*What is needed*. Copy out only the lines running from the one that contains "August 22, 2008" through the end of the listing. Pictures stay out.

*Exercise data*.
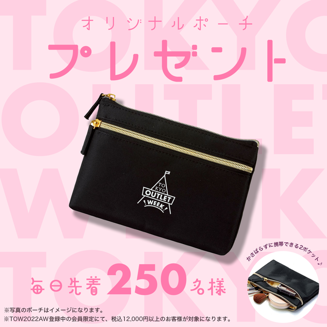 会場で¥12,000円(税込)以上購入で各日先着250名様に「TOKYO OUTLET WEEKオリジナルポーチ」(非売品)をプレゼント!
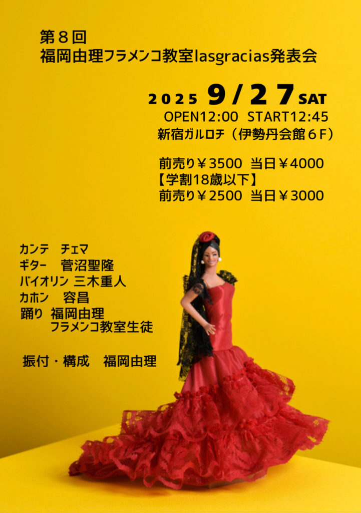 | 出演 | ギター/菅沼聖隆 カンテ/近藤裕美子 バイレ/丸山加代子・西平麗香・中岡直子・石田泰子・福岡由理 |
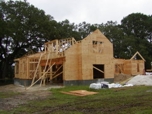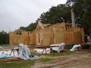 August 22, 2008 -- From the driveway, the house is taking shape. The plywood on the walls should be completed in a day or two depending upon the weather.
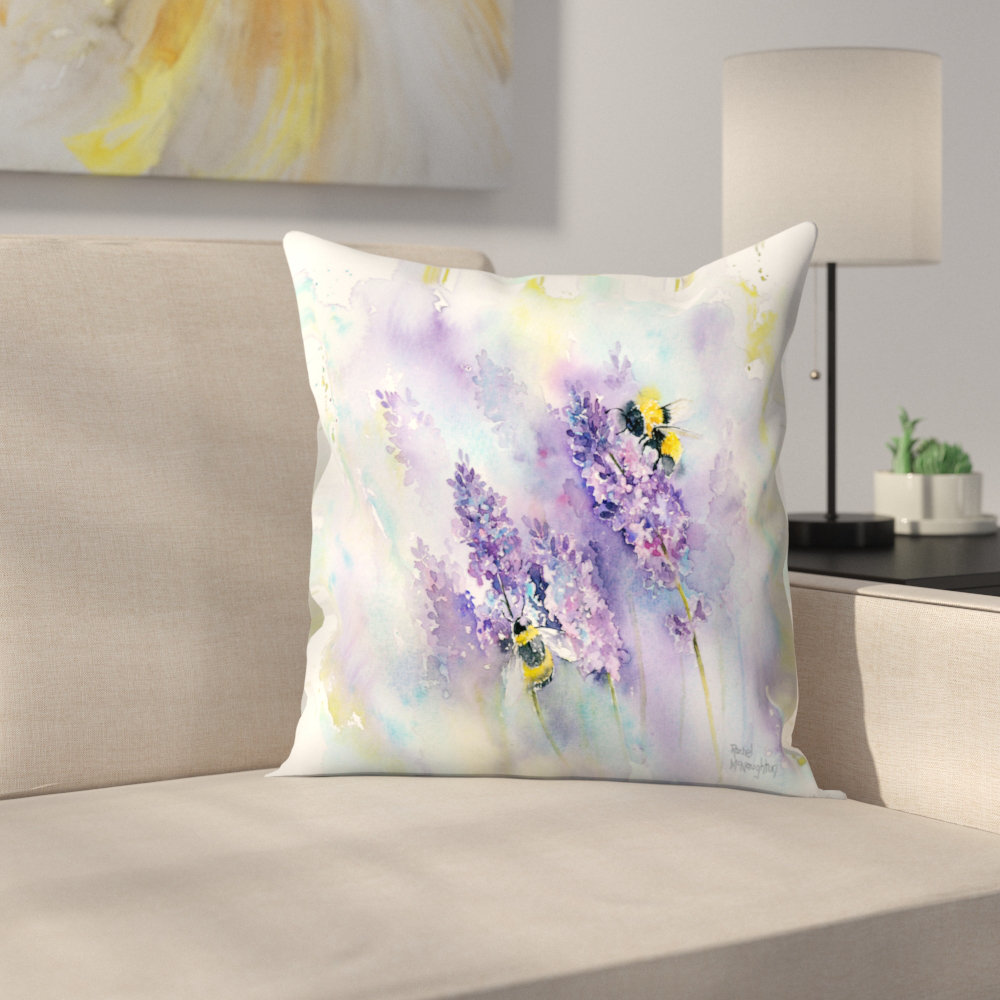 East Urban Home Bees And Lavender Throw Pillow Reviews Wayfair

*The answer*.
 August 22, 2008 -- From the driveway, the house is taking shape. The plywood on the walls should be completed in a day or two depending upon the weather.
 East Urban Home Bees And Lavender Throw Pillow Reviews Wayfair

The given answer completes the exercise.